Stored dataset items:
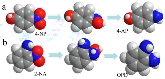 Spatial filling models of 4-NP transforming to 4-AP (a) and 2-NA transforming to OPD (b).
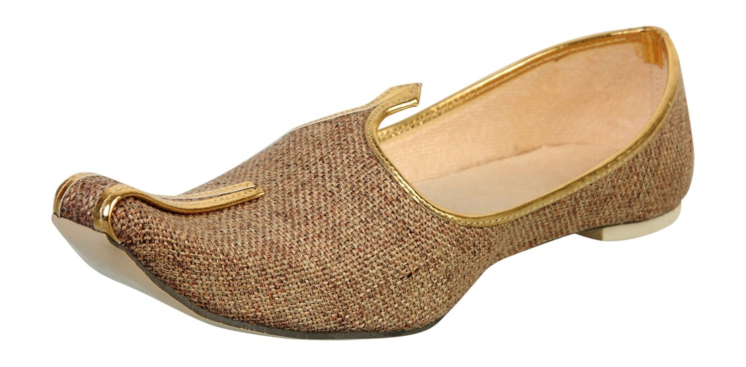 vision art JOPELLE Men's Brown & Golden Jute Sherwani Mojaris (Jutti)
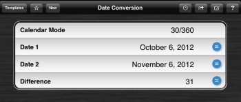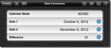 Date Conversion part of the app lets you calculate the difference between two dates. The app includes 4 calculator modes i.e., actual/actual, 30/360, actual/360, actual/365. Select the calculator mode, enter the two dates and you are done. The app automatically calculates the difference in two dates according to the calculator mode which you have selected.
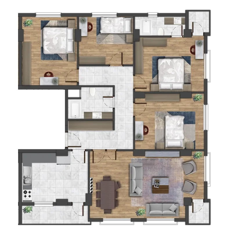 Each apartment features a stunning sea view and is a 5-minute walk from Gurpinar Beach. The total number of apartments is 57 residential properties and apartments for sale in Beylikduzu. There are currently options of apartments with areas starting from 102 up to 250 square meters with options ranging from 2+1, 3+1, 4+1, and 4+2 duplex apartments, in addition to 24-hour security services for a peaceful residential environment.
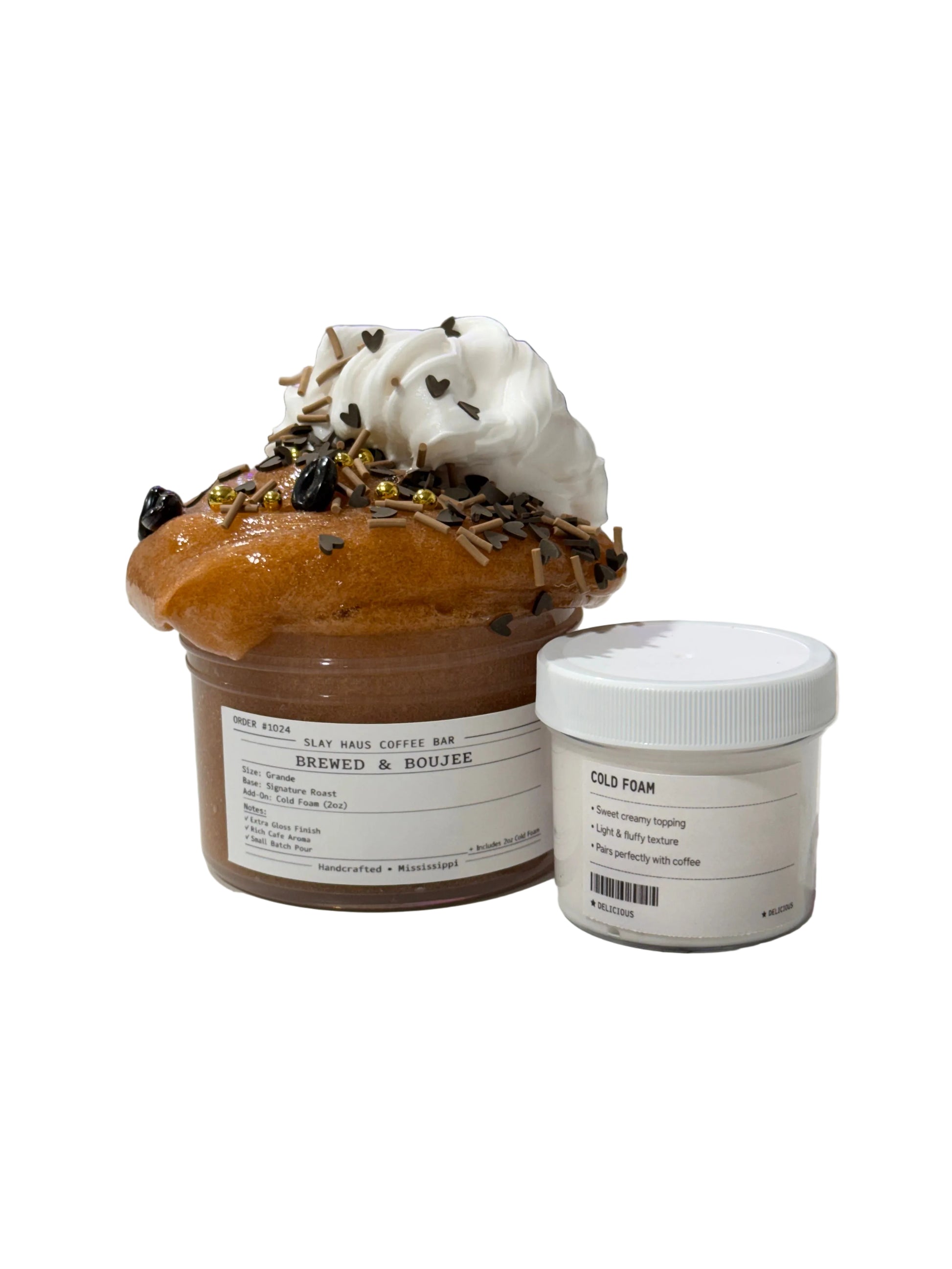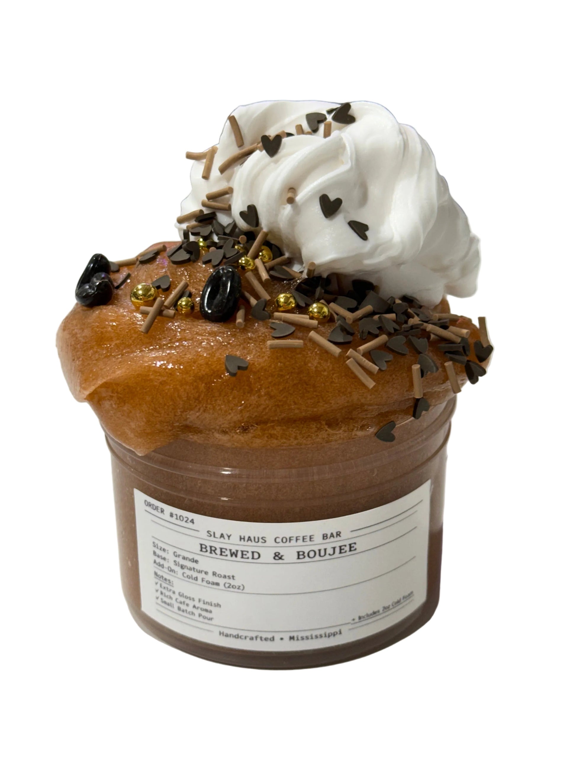A rich, coffee-tinted clear slime inspired by your favorite iced café drink. Glossy, stretchy, and perfectly clicky with a deep espresso scent that smells like fresh-brewed coffee. Comes with a 2oz cold foam topper to drizzle and swirl on top for the ultimate latte moment. Finished with the cutest brown and gold sprinkles, tiny brown hearts, and mini coffee bean fimos for that boujee coffee shop aesthetic.
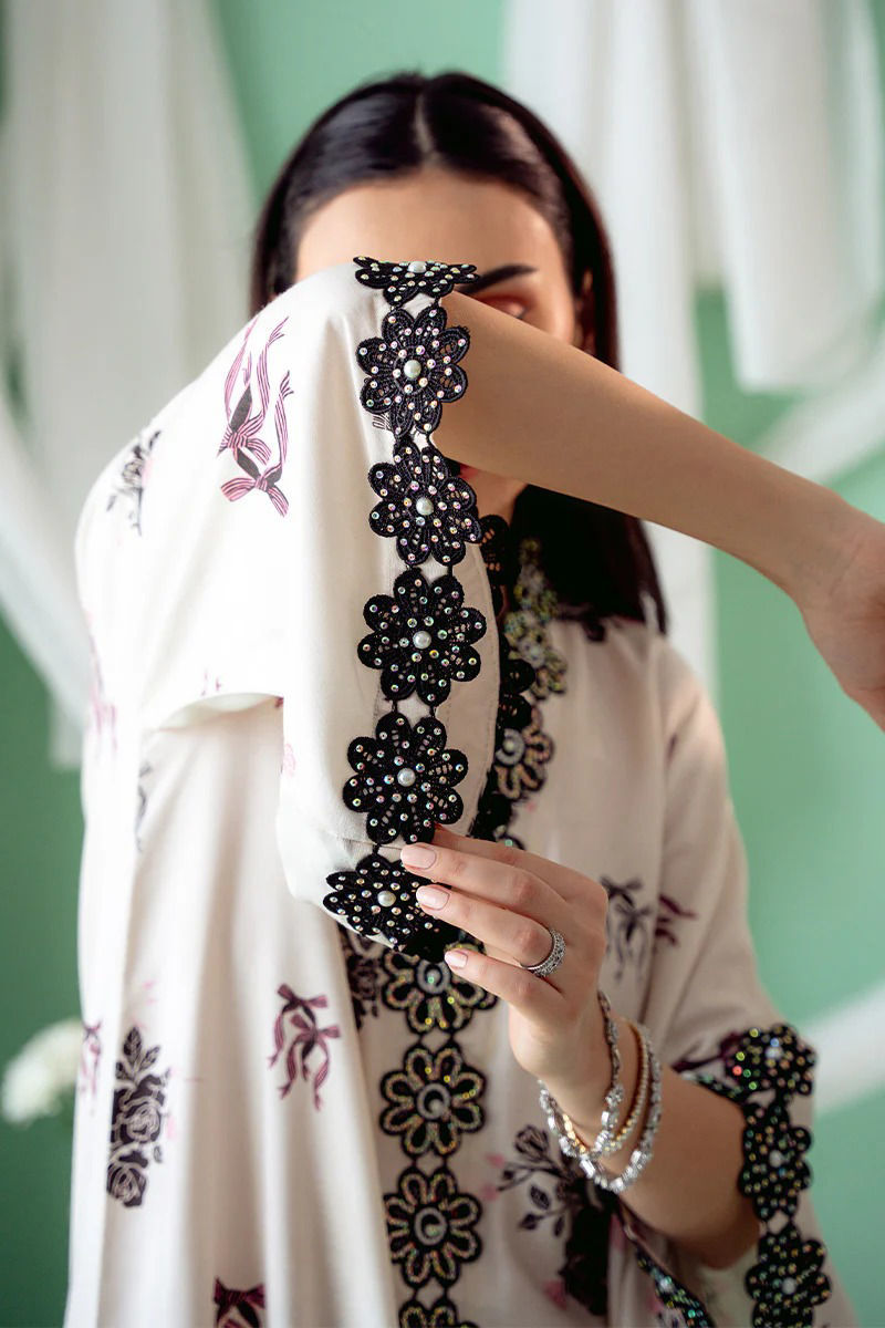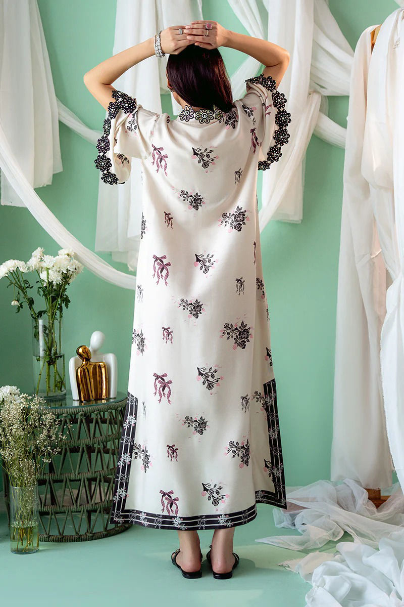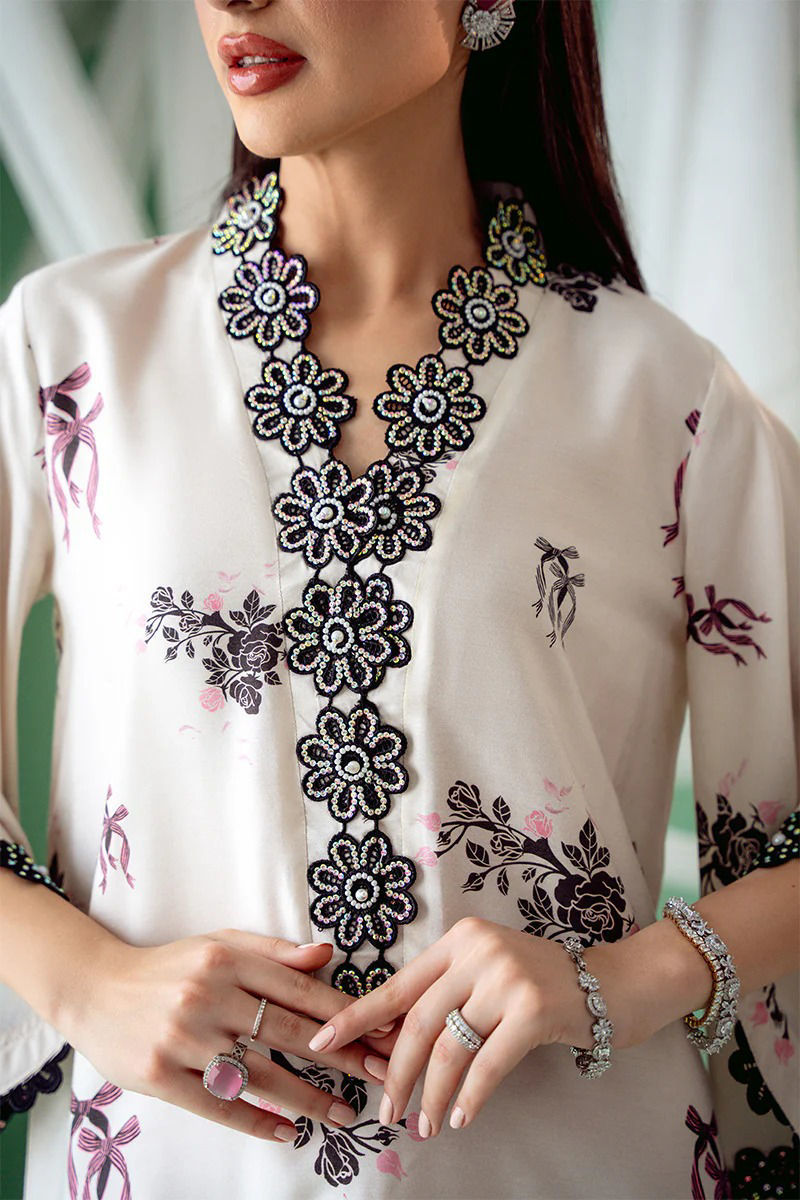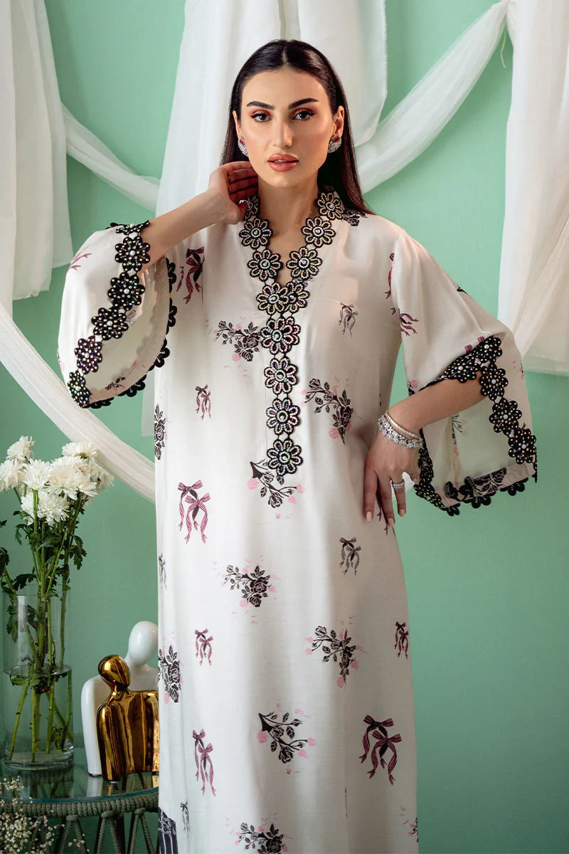 An exquisite Khaddi Silk ivory kurta with a striking black bow and floral print, designed in a graceful kaftan cut. The soft ivory silk fabric serves as a beautiful canvas for the bold floral motifs, which delicately intertwine with the classic black bow design, creating a stunning visual contrast. The overlap neckline adds a modern, flattering silhouette, while the hand-embroidered details around the neckline and sleeves. Maximum shirt length : 56" , Model height : 5'9
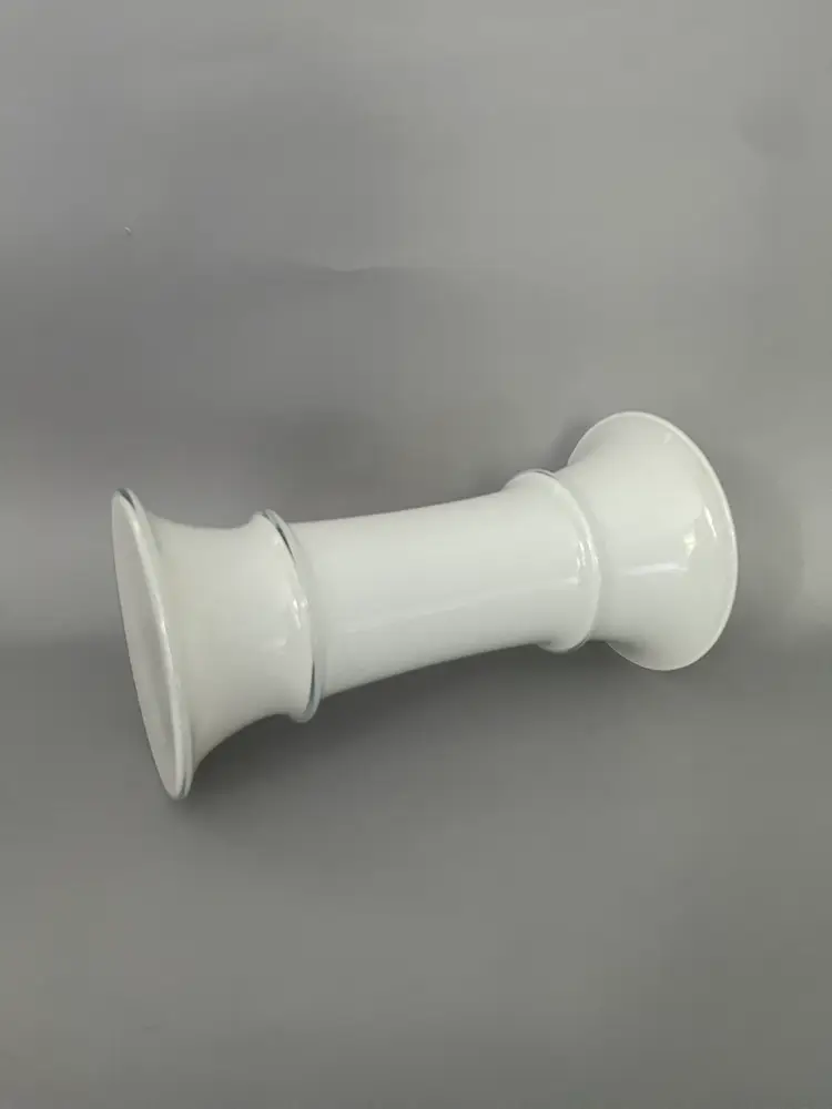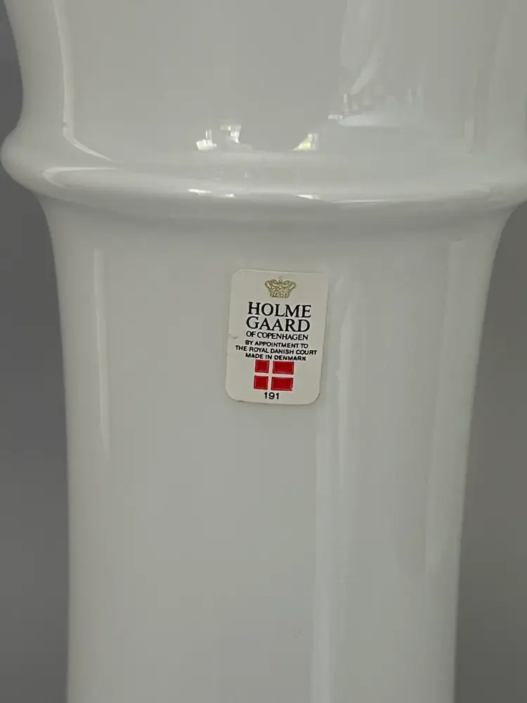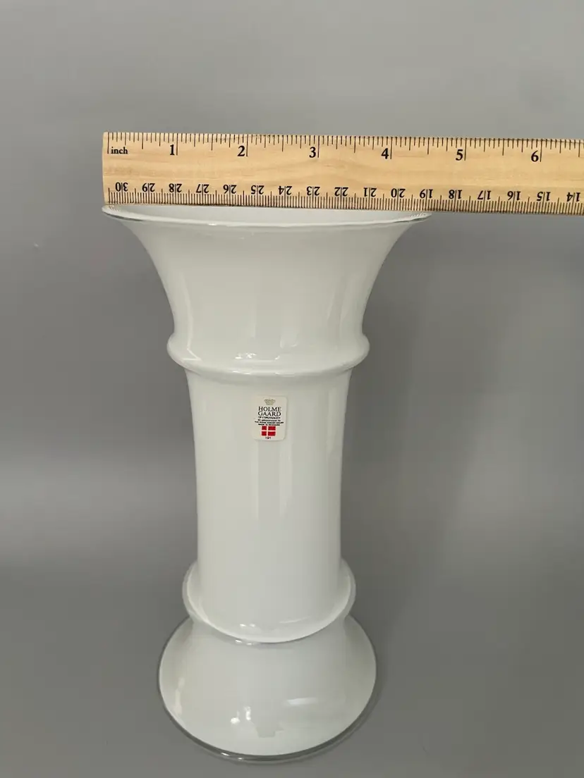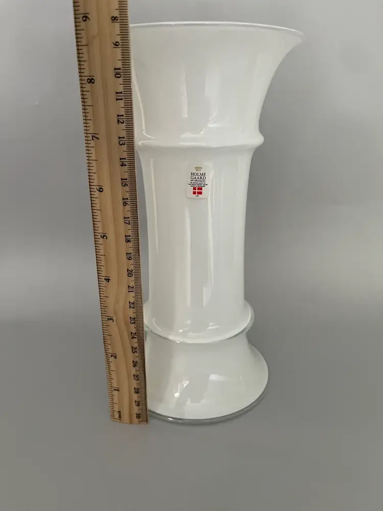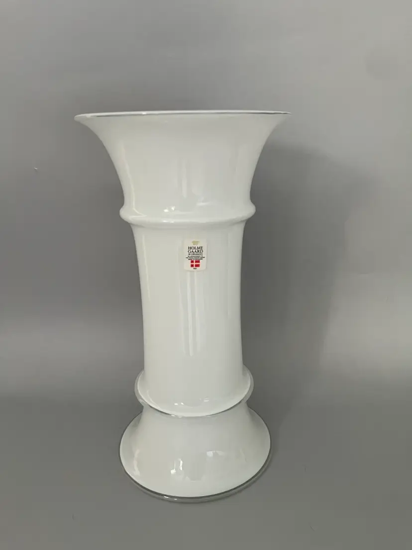 This is a rare piece with the original label. This 1980s Danish Handblown Glass Vase is by Michael Bang for Holmegaard The small art white glass vase in very good condition. Michael Bang (1942-2013) was the son of Jacob E. Bang, Holmegaard’s first designer. In the 1960s - 1980´s, Michael Bang was a designer at the Odense Glass Factory, / Holmegaard but moved with his family to Holmegaard in the 1980s. Michael Bang was quick-witted, fascinating and fun and able to spellbind an audience when the glass factory organised talks and presentations. Many of his products have now become collector’s items.

▸ **WHAT YOU HAVE TO DO**: Give back exactly the lines above that run from the one with "Each apartment features" to the one with "A rich, coffee-tinted", including both, with the pictures left out.

▸ **YOUR RESPONSE**:
 Each apartment features a stunning sea view and is a 5-minute walk from Gurpinar Beach. The total number of apartments is 57 residential properties and apartments for sale in Beylikduzu. There are currently options of apartments with areas starting from 102 up to 250 square meters with options ranging from 2+1, 3+1, 4+1, and 4+2 duplex apartments, in addition to 24-hour security services for a peaceful residential environment.
A rich, coffee-tinted clear slime inspired by your favorite iced café drink. Glossy, stretchy, and perfectly clicky with a deep espresso scent that smells like fresh-brewed coffee. Comes with a 2oz cold foam topper to drizzle and swirl on top for the ultimate latte moment. Finished with the cutest brown and gold sprinkles, tiny brown hearts, and mini coffee bean fimos for that boujee coffee shop aesthetic.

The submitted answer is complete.